遊び中心保育の意義4 どろんこ遊び 水遊び
平成28年8月25日号
平成28年8月25日号
どろんこ遊びや水遊びは、夏の戸外遊びの王様です。青空のもとで、友達と一緒に思い切り笑いながら遊ぶ子供の姿を見ていると、「これ以上に子供に必要なことなどあるのだろうか」とさえ思えてきます。
豊かに広がる遊び
よく晴れた暑い日にホースで水を撒くと、さっそく子供が集まってきます。シャワーのように降り注ぐ水を頭から浴び、歓声をあげて喜んでいます。
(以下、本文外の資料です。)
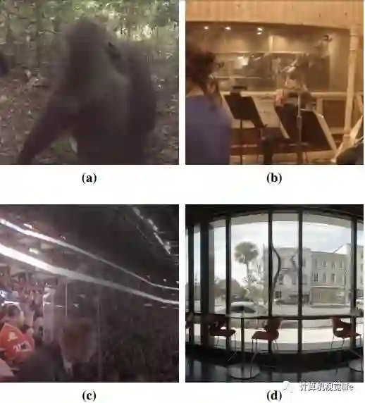 (a) 物体距离镜头特别近时,拼接会出错,图中大猩猩距离镜头大概15cm。(b) 细长的物体在光流计算中很容易被遗漏,这会导致图中麦克风杆的鬼影效果。 (c) 半透明的物体表面会产生变形. (d) 少部分情况下重复纹理区域的光流会出现误匹配。

バケツに汲んだ水のかけっこをしたり、ビニール袋に花びらと水を入れて色水遊びをすることもあります。
しばらくすると、どろどろになった地面でどろんこ遊びが始まります。水分を含ませた土は形を作りやすいので、子供にとっては格好のおもちゃになります。カレーライスやハンバーグを作ってままごとをしている子の横では、泥団子をつくって、光らせることに熱中している子もいます。園庭にできた水の流れにダムを作ったり、手押しポンプで水をくみ上げ、雨どいをつなげた水路に流す遊びも人気です。
あふれる「学び」
遊びの中で子供たちは、様々なことに気付いたり、疑問を持ったりします。「この砂を使えば泥団子はもっと光るかな」「どこを掘ったら水の流れが変わるだろう」
想像の枝葉を自由に広げ、手に入れられる材料を駆使し、試行錯誤を繰り返します。工夫次第で、遊びは無限に発展していきます。
テレビゲーム等のような「予め楽しさが組み込まれた遊び」とは違い、どろんこ遊び・水遊びは「自ら楽しさを作っていく遊び」です。積極的に環境(自然や人)に関わることで、取るに足らないものが楽しいことに変わっていく。こうした体験を積み重ねながら、子供は自然に対する基本的な知識だけでなく、自発性、創造性、社会性など、様々な力を身に付けていきます。
からだ、そして感性を育む
戸外で太陽の光を浴びながら遊ぶことで、子供は体力がつき、丈夫な体になっていきます。土の中に住む細菌やバクテリアに触れることで、免疫力も高まります。風邪をひきにくくなり、感染症などにもかかりにくくなります。体だけではありません…
子供は手で土をこね、はだしで地面に立ち、時には体中にどろんこを塗りたくることもあります。照りつける太陽、蝉の鳴き声、水のはじける音、椋の木を通り抜ける涼しい風。自然環境を全身で味わうことで、五感が刺激され、豊かな感性が育っていきます。どろんこは、体だけでなく心も豊かにしてくれるのです。